Bui Power’s water level falls critically low

  • 2021 power supply hinges more on thermal plants
  • IES demands proper coordination to guarantee fuel supply

The water level of Bui Power’s facility had dropped to its lowest at 166.83 metres above sea level (masl) by the end of May 2021, which is 1.17 metres below its minimum requirement of 168 metres – a situation the Institute for Energy Security (IES) has ascribed to the huge demand for constant supply of power.

The IES, in a statement, added that instead of at least three units with dependable capacity of 360MW, only one unit of the plant is reportedly generating power of about 22MW at minimal levels; which means that, for the remainder of this year, the country cannot depend much on hydro power.

The hydro-electric plant, which is supposed to be peak-shaving plant – a plant that comes on stream during peak time to augment supply – has been operating below the recommended minimum operating water elevation of 168 metres above sea level (masl) since mid-March this year.

IES notes that due to non-adherence to the initial power supply recommendation for 2020, the Bui reservoir elevation dropped to a minimum of 166.82 at the end of May 2021; the lowest recorded since the Bui Dam was constructed.

“Data captured from the 2021 Electricity Supply Plan shows that the total hydro electricity generated for 2020 was 7,293.23 gigawatt-hours (GWh) as against the projected total of 6,897.2 GWh. This consisted of 5,164.45 GWh, 862.25 GWh and 1,269.52 GWh from Akosombo, Kpong and Bui hydropower facilities respectively,” the IES said in a statement.

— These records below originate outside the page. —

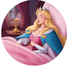
La Belle au Bois Dormant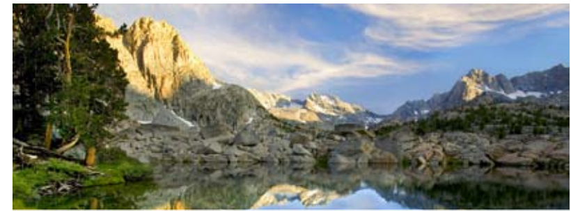
Pee Wee Lake, High Sierra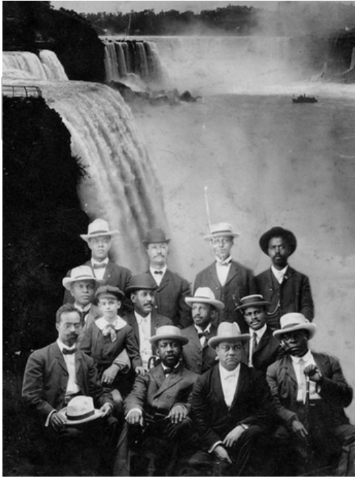
W.E.B. DuBois is in the second row at this Niagara movement meeting in Fort Erie, Canada, 1905

The NAACP set forth a belief in using nonviolent protests and legal actions as the most effective way to achieve full and equal rights for African Americans. In the 1950s and 1960s, civil rights leader Dr. Martin Luther King, Jr. led the practice of nonviolent resistance against segregation and discrimination faced by African Americans in the United States.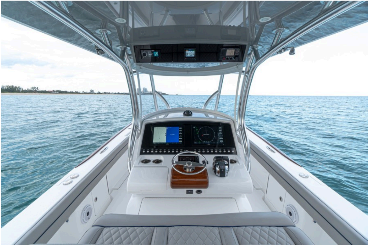
Valhalla 33 - Helm Electronics 2022 Valhalla Boatworks V33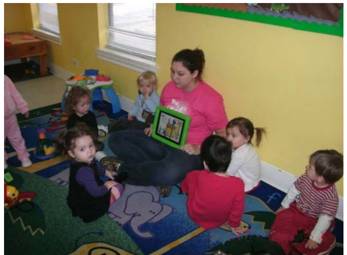
Toddler time with iPads

Further analysis of the data also revealed that although the Bui Power generation station was projected to supply 764 GWh to the National Interconnected Transmission System (NITS) for 2020, the actual supply came up to 1,269 GWh – a deviation of 65 percent from the initial plan.

The Power Planning Technical Committee (PPTC) revised the initial planned 764 GWh to 1,218 GWh during the mid-year review of the 2020 Electricity Supply Plan, since the facility had to produce more than anticipated to fill a supply deficit from other power plants.

Meanwhile, IES believes that upon noticing the drop in elevation below the recommended minimum operating water level was due to over-drafting of the lake to make up for power supply deficit, the most appropriate measure would have been to look beyond the Bui facility for peak-shaving this year. Additionally, it said, the facility has to be dispatched in a manner that adequate water can be stored in the reservoir during the 2021 inflow season.

Power supply hinges on thermal plants

The projected total annual hydro generation for 2021 is 7,001 GWh – consisting of 5,650 GWh from Akosombo GS, 850 GWh from Kpong GS and 501.2 GWh from Bui GS. Combined, the expected power supply from hydro will not be enough to meet demand; meaning the country will have to depend largely on thermal sources.

“It is therefore recommended that there should be proper coordination to ensure adequate provision of fuels such as natural gas, light crude oil and heavy fuel oil for the thermal plants, which are expected to generate over 66 percent of the power required for 2021,” IES added.